Lancée publiquement le 7 octobre 2008 pour se développer durant deux années, la campagne internationale "travail décent" associe en Belgique une large coalition d’acteurs sociaux chapeautée par les deux coupoles d’ONG fédérales (le Centre National de Coopération au Développement/CNCD et son homologue flamand 11.11.11) dont font notamment partie les syndicats et, naturellement, le Gresea.

Ce qui justifie cette action pour des salaires corrects partout, comme indique la FGTB est une situation bien connue de tous : "Les firmes transnationales se livrent à une course à la compétitivité dans laquelle les travailleurs sont devenus des ressources potentielles en vue de créer un maximum de profits à court terme." [Echo-FGTB, septembre 2008]. D’où action sur quatre axes : exigence d’un revenu qui permet de satisfaire les besoins essentiels, respect des libertés syndicales, défense des systèmes de protection sociale et promotion du dialogue social. Avec un accent particulier sur la régulation des acteurs privés, les fameuses firmes transnationales.

Ce n’est pas tombé du ciel. En instituant en 2002 la Commission mondiale sur la dimension sociale de la mondialisation, l’Organisation internationale du travail (OIT) notait avec inquiétude que les "effets inégaux sur les gens de la mondialisation, qui en exclut beaucoup de ses bienfaits, suscitent un malaise persistant dans le public qui n’en voit pas correctement les potentialités positives." [ILO Forum on Decent Work for a fair globalization - Issues papers - Lisbon, 2007 – source également des citations suivantes]. Comment sortir de cette impasse et quel lien avec le travail décent ? Le voici : faisant rapport en 2004, ladite Commission insistera sur le fait qu’une "mondialisation équitable" est chose "possible, et même indispensable" – mais, pour cela, il faut que "la promotion d’un travail décent pour tous soit un dispositif central dans la création d’un processus d’intégration économique plus équitable." En effet, note-t-elle, "Le travail est un élément central dans la vie des gens.
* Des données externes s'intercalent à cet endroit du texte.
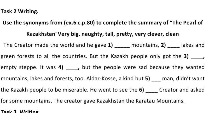 Use the synonyms from (ex.6 c.p.80) to complete the summary of “The Pearl of Kazakhstan”Very big, naughty, tall, pretty, very clever, clean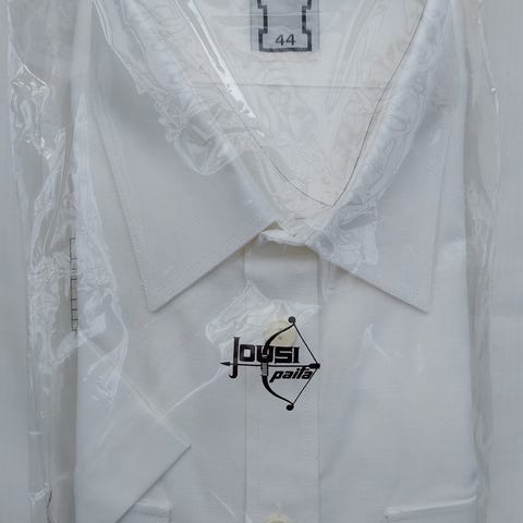 Myydään käyttämätön SA-kauluspaita m/58, koko 40 tanakka, väri maavoimien harmaa, pitkähihainen.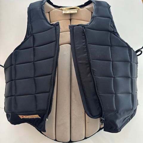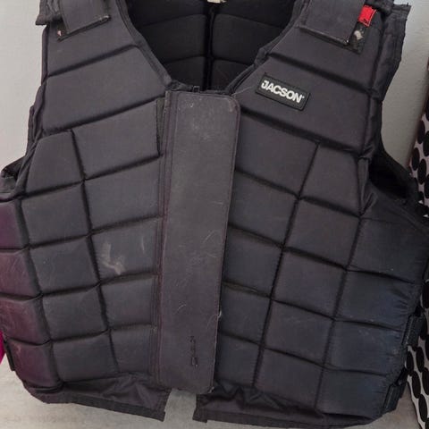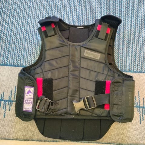 Käytetty lasten S-kokoinen ratsastusliivi. Musta. Vetoketju. Molemmilla sivuilla kiristystarrat. Nouto.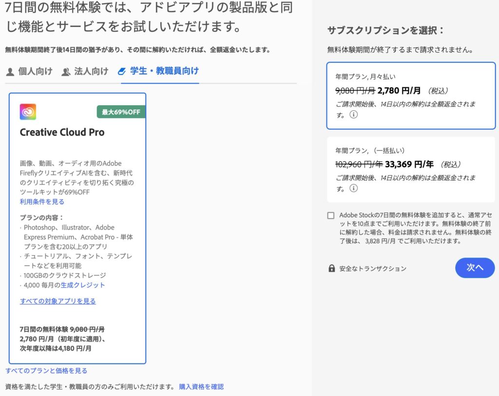 「年間プラン(月々払い)」、「年間プラン(一括払い)」、「月々プラン(月々払い)」 - Adobeアカウントを作成し、支払い方法を登録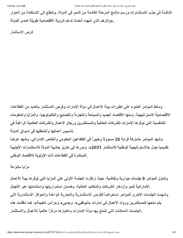 تﺎﻋﺎطﻘﻟا نﻣ دﯾدﻌﻟﺎﺑ رﺎﻣﺛﺗﺳﻻا صرﻓو تارﺎﻣﻹا ﺔﻟود ﻲﻓ لﺎﻣﻋﻷا ﺔﺋﯾﺑ تاروطﺗ ﻰﻠﻋ ءوﺿﻟا رﻣﺗؤﻣﻟا طﻠﺳو
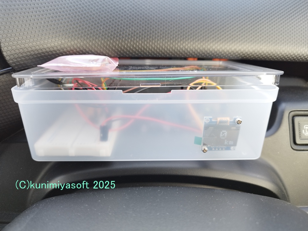 そのため、今回のシステムは、車のアクセサリーソケットから電源を取り、電源が入るたびにプログラムが実行される形になっています。これも、ストレージを必要としないArduino UNO R4 Minimaだからこそです。良い使い方ではないかもしれませんが、活用していきたいと考えています。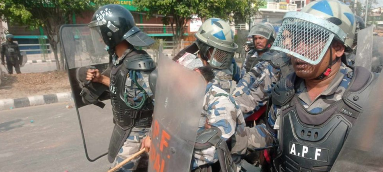 काठमाडौं—तीनकुनेमा एक महिला सशस्त्र प्रहरीको टाउको फुटेको छ । प्रदर्शनकारीले गरेको आक्रमणमा परेर ती सशस्त्र प्रहरी महिलाको टाउको फुटेको हो । राजावादी समूहको प्रदर्शन उग्र बनेपछि अहिले तीनकुने क्षेत्र तनावग्रस्त बनेको छ ।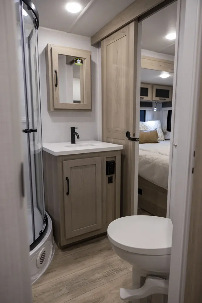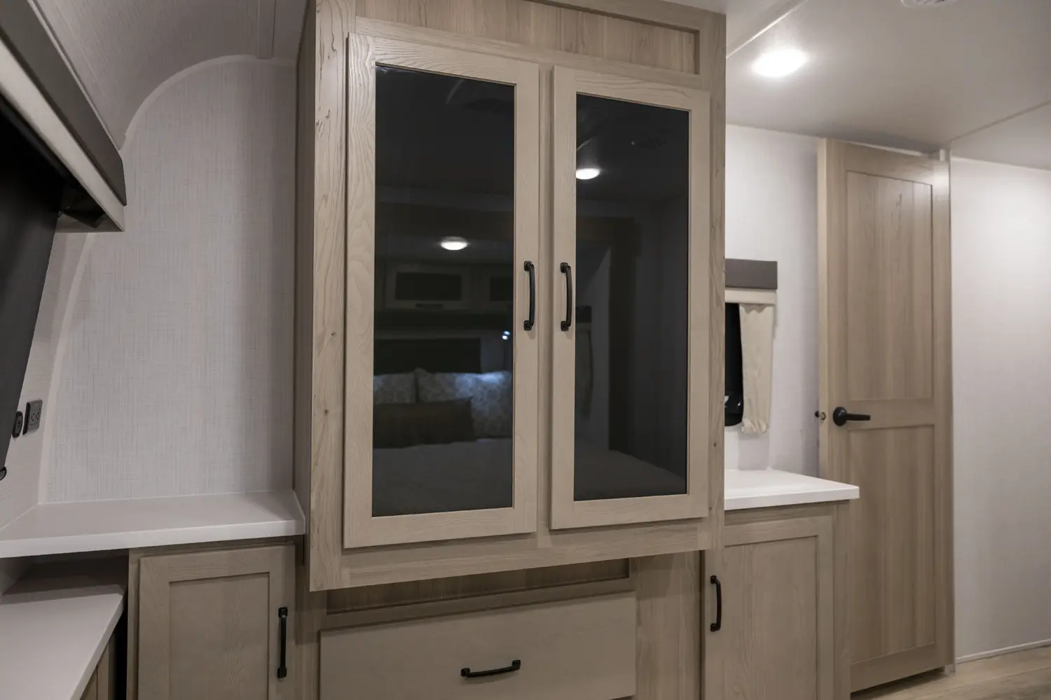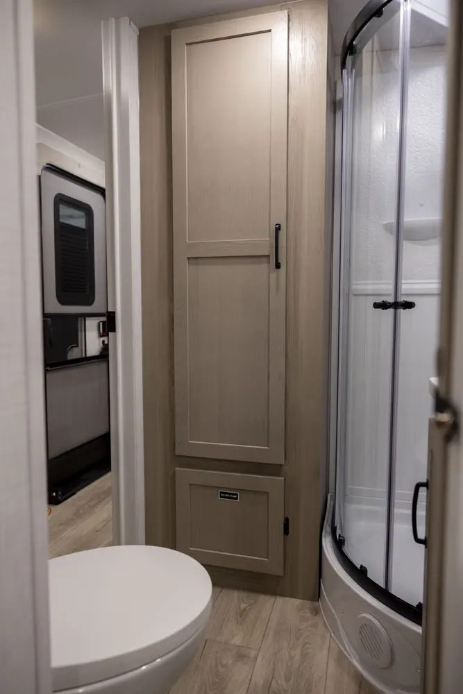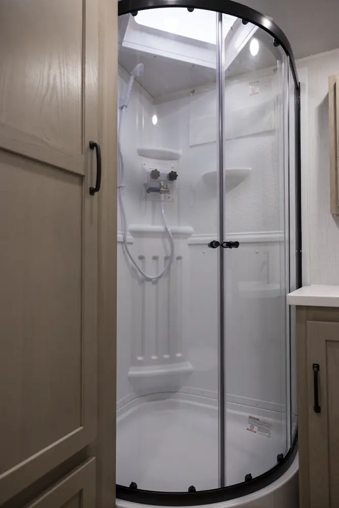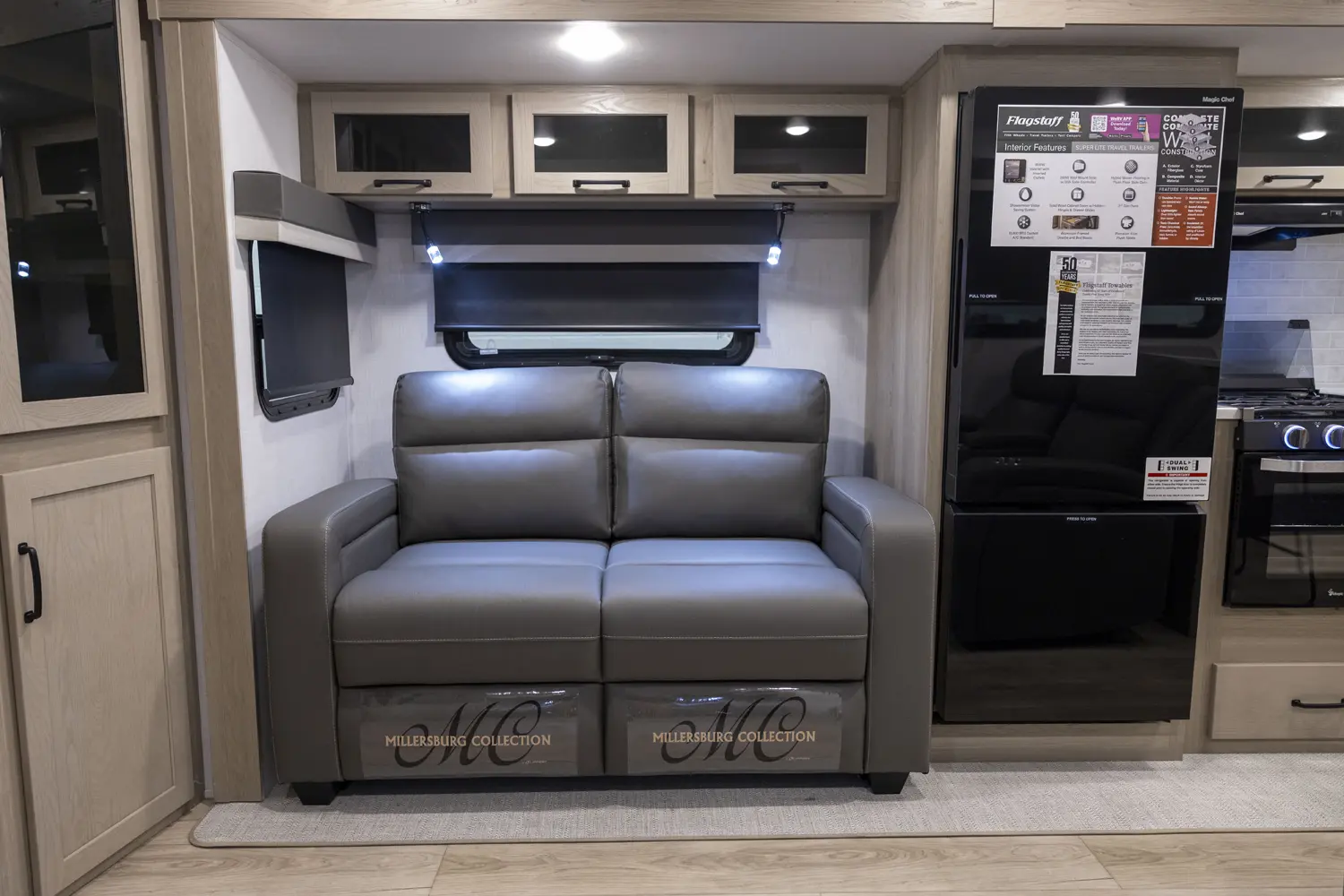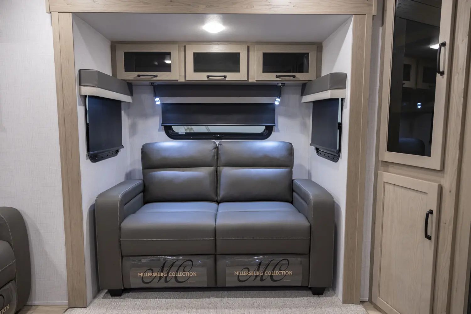 This rear entertainment layout will make you forget you are even in a camper. The front bedroom is very spacious and offers plenty of room to make the bed and get dressed for the adventures of the day.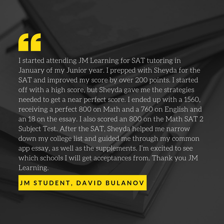 Our mission is to provide an exemplary educational program that becomes an investment toward the future of our students. We strive to foster an environment where we help our students grow into independent learners, from a young age and well into their college careers. JM Learning believes that you can only make the right decision, when you have the right information, and we are here to help.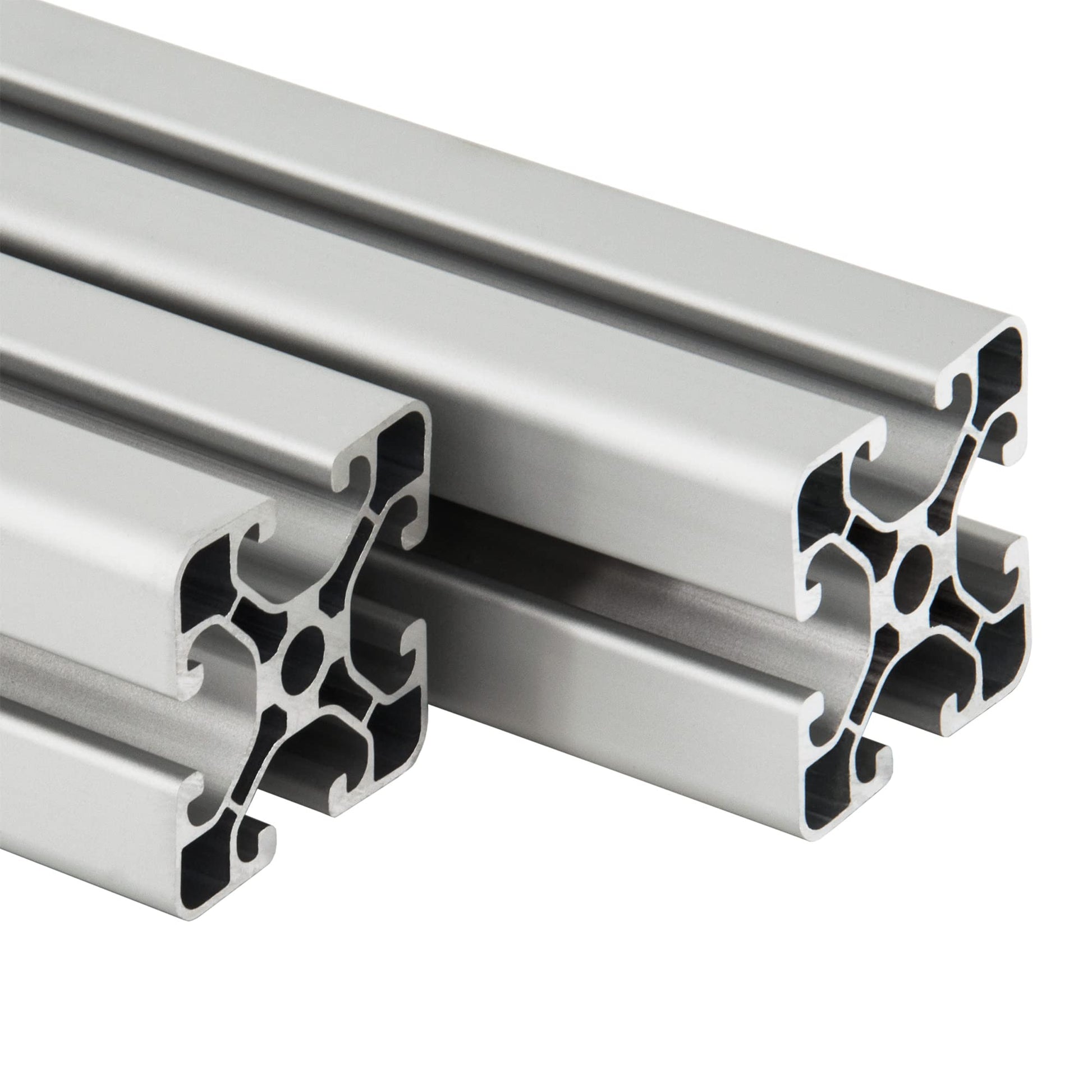 Sie erhalten ein Set bestehend aus sechs einzelnen Aluminiumprofilen des Typs 40x40 Nut 8. Jedes Profil hat eine Länge von 2 Metern, was eine Gesamtlänge von 12 Metern ergibt.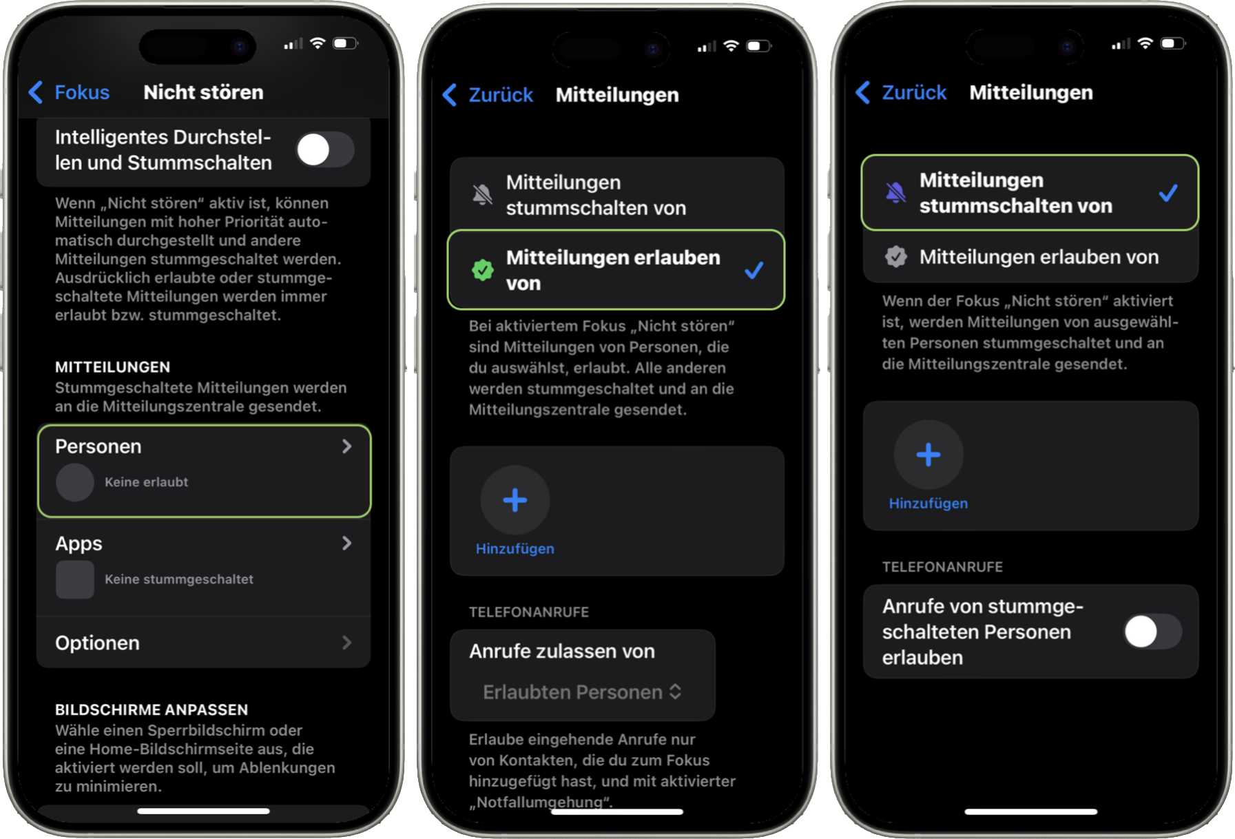 Möchtest du Mitteilungen einzelner Kontakte erlauben, wähle „Mitteilungen erlauben von“ aus und füge über das blaue + die entsprechenden Kontakte hinzu. Wähle dann aus, ob diese Kontakte dich auch anrufen dürfen.

Pour les hommes et les femmes, partout, l’emploi est le révélateur de la réussite ou de l’échec de la mondialisation. Le travail est source de dignité, de stabilité, de paix et de crédibilité pour les gouvernements et le système économique."

Tel est l’enjeu, telle est la menace. Le message sera reçu cinq sur cinq par L’Assemblée générale des Nations unies, qui embraiera le pas lors de sa 60e session en septembre 2005 : "Nous apportons un soutien ferme à une mondialisation équitable et nous nous engageons à faire de l’objectif de plein emploi productif et de travail décent pour tous un élément central de notre agenda politique national et international." Toute chose obéit à des intérêts. Là, ils sont devenus plus visibles.